= Noémie Goudal =

French visual artist (born 1984)

Noémie Goudal (born 7 July 1984) is a French visual artist who lives and works in Paris, France. Her practice centres on the construction of ambitious, illusionistic interventions within the landscape, captured through film, photography, sculpture, and performance.

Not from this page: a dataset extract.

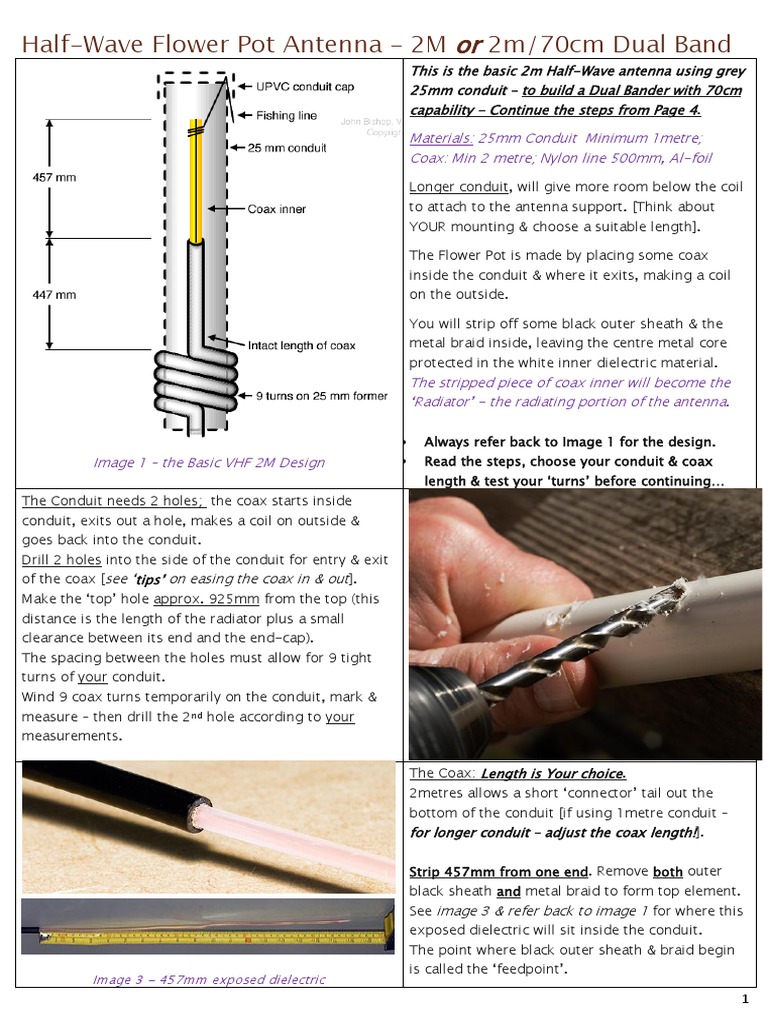 To construct the antenna first select a suitable length of grey 25mm conduit as a minimum 1m but if you make it longer you will have more room below the coil to attach to your antenna support. Half-Wave Flower Pot Antenna. The antenna is dual banded to operate on 70cm using the same sleeve technique as used on the dual-band basic Flower Pot.

Goudal has shown her work at a number of international institutions such as the Tate Modern, London, UK; the Venice Theatre Biennale in Italy; the Centre Pompidou in Paris, the Collection Lambert in Avignon, and Arles Festival, France among others. She has also been exhibited in international group exhibitions at the Nasher Museum, Durham, NC, USA; Sharjah Biennial 16, Sharjah City, United Arab Emirates; Frac Nouvelle-Aquitaine La MÉCA, Bordeaux, France; National Museum of Women in the Arts, Washington, USA; Melbourne Photo Biennale, Melbourne, Australia; Whitechapel Gallery, London, UK; Lisbon Architecture Triennale, National Museum of Contemporary Art, Lisbon, Portugal; Horniman Museum, London, UK; and many others.

Goudal’s work is held in public collections including Centre Pompidou, Paris, France; Fotomuseum Winterthur, Switzerland; Photo Elysée, Lausanne, Switzerland; High Museum of Art, Atlanta, USA; Kadist, Paris, France; Norton Museum of Art, West Palm Beach, USA; Kiran Nadar Museum of Art, New Delhi, India; Moderna Museet, Stockholm, Sweden; Victoria & Albert Museum, London, UK and The New Art Gallery Walsall, Walsall, UK.

She is represented by Edel Assanti.

==Early life & education==
Goudal moved to London, UK when she was 19 and studied at Central Saint Martins where she graduated in Graphic Design. She then went on to pursue a Master's Degree in Photography at the Royal College of Art, graduating in 2010. Shortly before the end-of-year exhibition, she met Charlie Fellows and Jeremy Epstein of Edel Assanti, and exhibited Post Atlantica – the gallery's inaugural show at its new space in a renovated Grade II listed building on Little Titchfield Street in London's Fitzrovia in 2022.

==Career==
Goudal’s work pushes the boundaries of photography, expanding it into the realms of immersive installation and performance. Underpinned by rigorous research, her projects explore the intersection of ecology and anthropology, challenging theoretical conceptions of the natural world.

Using optical illusion techniques such as anamorphosis and trompe-l’œil, Goudal creates meticulously constructed sets from paper, mirrors, and wood. A deliberate imperfection is always present in his work; elements like visible bulldog clips and poles subtly signify the instability inherent in humans’ relationship with the natural world. By merging real and imagined geographies into a mysterious coexistence, Goudal challenges the limits of perception and understanding.

In her recent work, Goudal engages in an artistic dialogue with the field of paleoclimatology, examining climate and geology through the lens of "deep time" to better understand the planet’s long-term evolution. By drawing an intellectual bridge between our lived experience of "real time" and the vast temporal scale of deep time – measured in millions of years – her work reveals the Earth’s current geographies as fleeting moments within an ongoing cycle of transformation.

=== 2024 Prix Marcel Duchamp ===
In 2024 Goudal was nominated for the Prix Marcel Duchamp, awarded annually to an artist who is either French or living in the country. The Prix Marcel Duchamp is the most prestigious contemporary art prize in France. Goudal’s presentation at the Centre Pompidou was on display between October 2024 and January 2025, and featured new video works created specially for the exhibition.